My Partner & Lung Cancer

My partner (we have been together thirty years) has Stage 3-B, non-small-cell lung cancer that was growing into his airway and he has just had a Y-shaped stent implanted to help him breath.

He is only 49 and is going through all the complex emotions (as am i) that accompany the terror of the rollarcoaster that is cancer.

We are waiting for his treatments to start and at least now he will be able to breath while having his radio/chemotherapy. He has a lot of fight in him but gets very deflated when he hears the statistics associated with the situation he's going through.

  • Hello An72

    I'm so sorry to hear that your partner has been diagnosed with lung cancer. It really is a rollercoaster when you're given a cancer diagnosis and I hope that you both have lots of support around you from family and friends as well as the health professionals. 

    It's good to hear that he's finding it easier to breathe since the stent was fitted. Hopefully, it won't be too long until treatment starts. It's good to hear that he's approaching this with a positive attitude but completely understandable that there are times when he feels deflated. Again, that rollercoaster really will take you both on an emotional ride. 

    Sometimes it can help to talk with someone about how you're feeling. It's worth asking his clinical nurse specialist what support is available in your local area. It may be that there is a Maggie's centre where you can access support or another similar organisation. If you'd like to talk with one of our nurses at any point you're welcome to call them on 0808 800 4040, Monday to Friday 9am to 5pm. I know they will be happy to listen and offer any advice, information, and support they can. 

    Keep in touch An72 and let us know how you're both doing. We're here to listen and offer any support we can. 

    Best wishes to you both, 
    Jenn
    Cancer Chat moderator 

  • The rollarcoaster ride continues.

    Nearly everything my partner reads is doom and gloom, and yet we've been told there are some really good targeted therapies out there. 

    He's still fighting but he's becoming more and more disheartened every day.

    He's starting radiotherapy on the 29th of this month and he's been fitted with a head/neck mould so they can target the cancer accurately. 

    I just don't know what to say to him when he has a bad day, apart from reassuring him that he's allowed to have bad days.

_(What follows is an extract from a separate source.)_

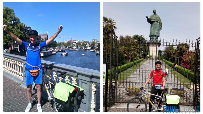 Nel 2020, nonostante il periodo pandemico, in due settimane percorre la Sardegna, arrivando e ripartendo da Olbia con il traghetto. Ad aprile 2021 è la volta della Campania, dove ha avuto anche un piccolo infortunio, senza gravi conseguenze ” Stavo percorrendo una strada in discesa, sulla fantastica Costiera Amalfitana, quando dall’altra parte un’auto, per schivare la portiera di un altro veicolo, mi ha mandato fuori strada – racconta – sono arrivati subito i soccorsi che mi hanno medicato sul posto e me la sono cavata con qualche sbucciatura ed una ruota bucata”. A settembre dello stesso anno si avventura in Emilia Romagna, con lo stesso identico entusiasmo che ha caratterizzato anche l’ultima impresa, a giugno dell’ anno scorso, quella che lo ha visto partire dalla sua Latisana per poi arrivare fino ad Amsterdam, dove si è fermato tre giorni per ammirare musei, luoghi caratteristici e monumenti storici ( come quello di Anna Frank).

    I'm trying to be as positive as I can, but he gets so negative, it breaks my heart.

  • Sounds like you're doing the right thing in reassuring him. First advice is never google stuff. If you have to read something, make sure it's a trusted and legitimate (NHS) source. I guess it's a balance between understanding and head in sand. For me, I only read up (or my wife did - she's medical) when the docs/nurses told me something and I wanted to know a bit more.

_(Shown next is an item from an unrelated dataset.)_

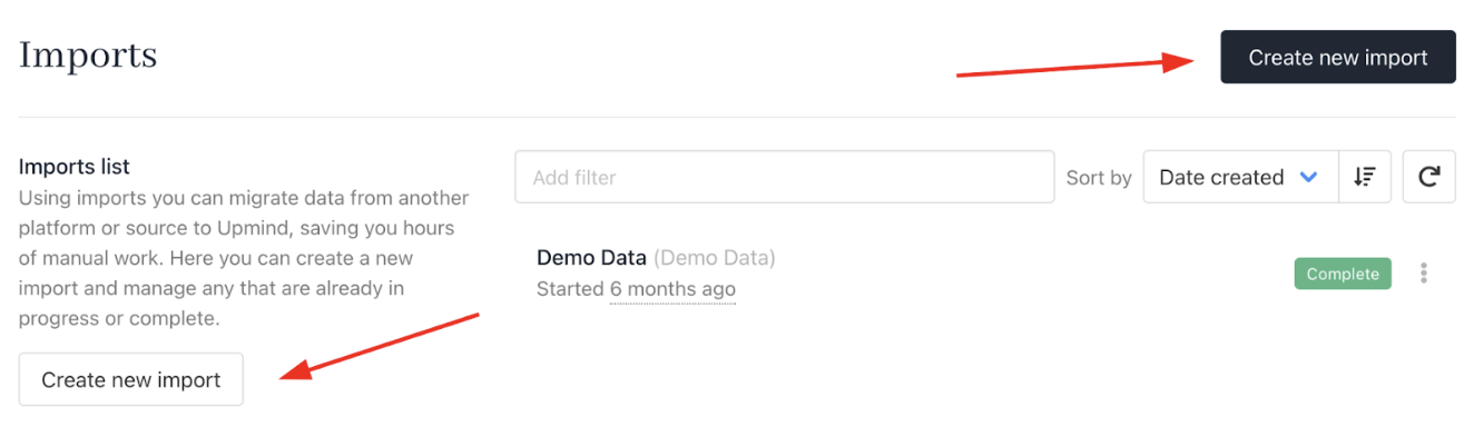 - Go to Settings > Imports in Upmind.

    But statistics are just that, don't fit everyone and you never can tell what is going to happen. Everyone is completely different. Although I'm a natural worrier, I had a positive outlook for fighting cancer - with my focus being able to enjoy spending time playing with my kids and being with my wife. We fought it together.

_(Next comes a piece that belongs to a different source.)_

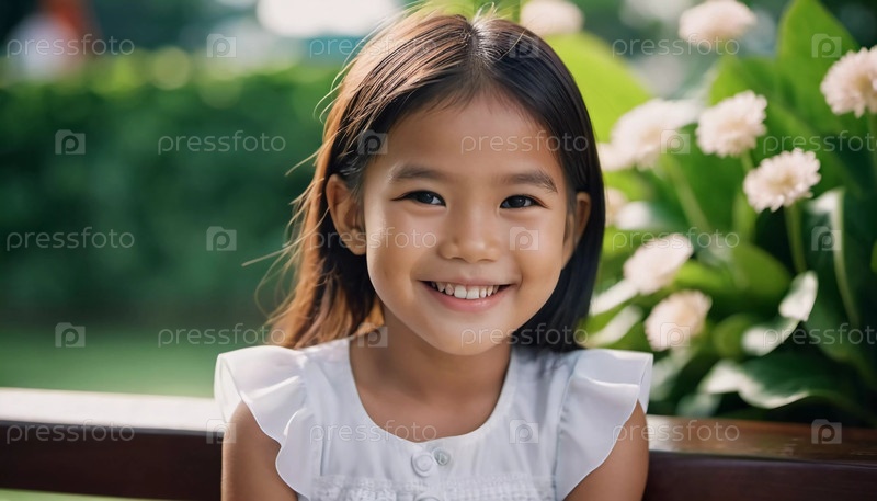Жизнерадостная девушка из Таиланда демонстрирует свою яркую улыбку, сидя на скамейке в окружении пышной зелени и цветущих цветов, запечатлевая восхитительный момент. Генеративный ИИ

    I would try and get to him to focus on something post chemo/radio. But set targets for while he's having that treatment. I liked to tick of each day and it was nice to get to the end of the week (especially when i got 'weekends off' the oral chemo). He is defo going to have down days. But I'm absolutely convinced, a positive frame of mind to go with your fight is one of the biggest things you co do to beat cancer.